Firefox est-il une innovation perturbatrice ?

J'imagine déjà la moitié de mes lecteurs en train de se gratter furieusement le crane en disant une quoi ?

Une innovation perturbatrice, qu'on appelle aussi disruptive innovation dans la langue des Monthy Pythons. Le concept d'innovation perturbatrice est le centre d'un livre de Clayton M. Christensen intitulé The innovator's dilemma, qui explique qu'une innovation perturbatrice remet en cause son marché, au point que les acteurs du marché ne peuvent l'inventer, dans la mesure où ils ont tout à perdre si elle vient à se répandre. Ils préferent donc le status-quo (non, pas le groupe de rock) jusqu'au jour où un inconscient, tel le chien dans le jeu de quilles, vient mettre tout le monde d'accord en commercialisant la dite innovation perturbatrice sous prétexte que lui n'a rien à perdre et tout à gagner.

Cette idée d'innovation perturbatrice n'est pas nouvelle. Le livre lui-même date de 1997. Mais le concept est intéressant[1], il est à la mode (la preuve ;-) et on a donc tendance à l'appliquer à tout et n'importe quoi. Ce qui nous amène à à la question posée en titre : Firefox est-il une innovation perturbatrice ?

Franck Hecker, qui est probablement la personne clé qui a incité Netscape à fonder Mozilla.org, se pose la question et tente d'y répondre partiellement.

Je suis ravi de voir Franck arriver aux même conclusions que moi (mais lui à eu le mérite de les mettre noir sur blanc, après avoir lu le livre), à savoir que non, Firefox n'est pas une innovation perturbatrice en tant que tel.

Zut alors, on pourrait croire que je me dois de montrer un peu plus d'enthousiasme sur le produit auquel j'ai consacré l'essentiel de ces dernières années !

Franchement, j'ai beau adorer le projet Mozilla et le produit Firefox, je ne pense pas que cela mérite l'étiquette d'innovation perturbatrice. La raison en est toute simple : Firefox n'est qu'un navigateur. Et un navigateur, ça existait avant, de Viola, à Mozilla, en passant par Mosaic, Netscape Navigator, et Internet Explorer.

Pourtant, il y a tout de même disruptive innovation dans le paysage. Si ça ne tient pas au produit fini, cela tient d'une part à son prix (réellement gratuit), mais surtout à son modèle de développement : le logiciel Libre qui permet une mutualisation des efforts de développement à très grande échelle.

Certes, le logiciel Libre existe depuis toujours (il était Libre avant que le modèle propriétaire ne prenne le dessus), mais le projet Mozilla boxe dans une toute autre catégorie par son enjeu (un moyen moderne pour chacun d'accéder au Web), par les outils qu'il a développé (comme Bugzilla), par son marketing communautaire (SpreadFirefox.com, campagnes FAZ, NYT et Funnyfox) et par la taille de sa communauté de développeurs et testeurs (60000 comptes Bugzilla actifs en 2004).

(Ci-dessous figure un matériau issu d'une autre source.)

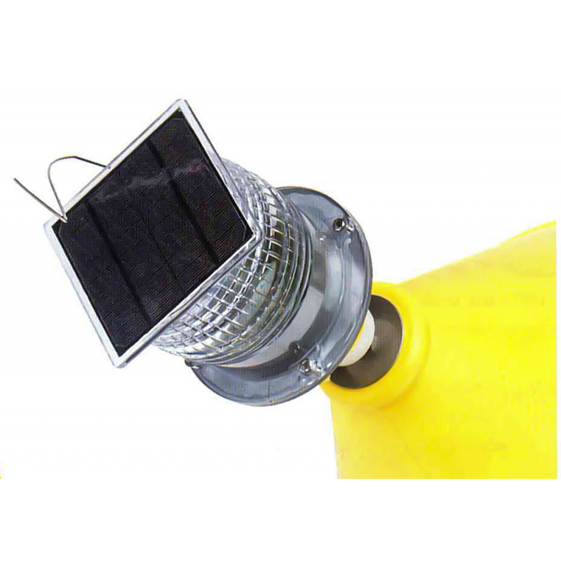 Blown polyethylene buoy with stainless steel rod and swivel, filled with closed cell polyurethane. Signaling with white light with intermittent high-visibility LED with twilight-activated solar panel. With-out certification

Car il fallait bien être un élément perturbant, ou du moins très créatif, pour se frayer un chemin dans le marché très particulier du navigateur Web, face à un Microsoft reconnu coupable d'abus de position dominante par le ministère américain de la justice[2], qui fait un produit gratuit[3] et intégré à Windows, produit monopolistique s'il en est.

Mais Franck Hecker ne s'arrête pas là. Pour lui, c'est le navigateur en tant que plate-forme qui est une innovation perturbatrice.

Daniel Glazman va plus loin en affirmant que c'est l'extensibilité de Firefox qui peut semer la zizanie.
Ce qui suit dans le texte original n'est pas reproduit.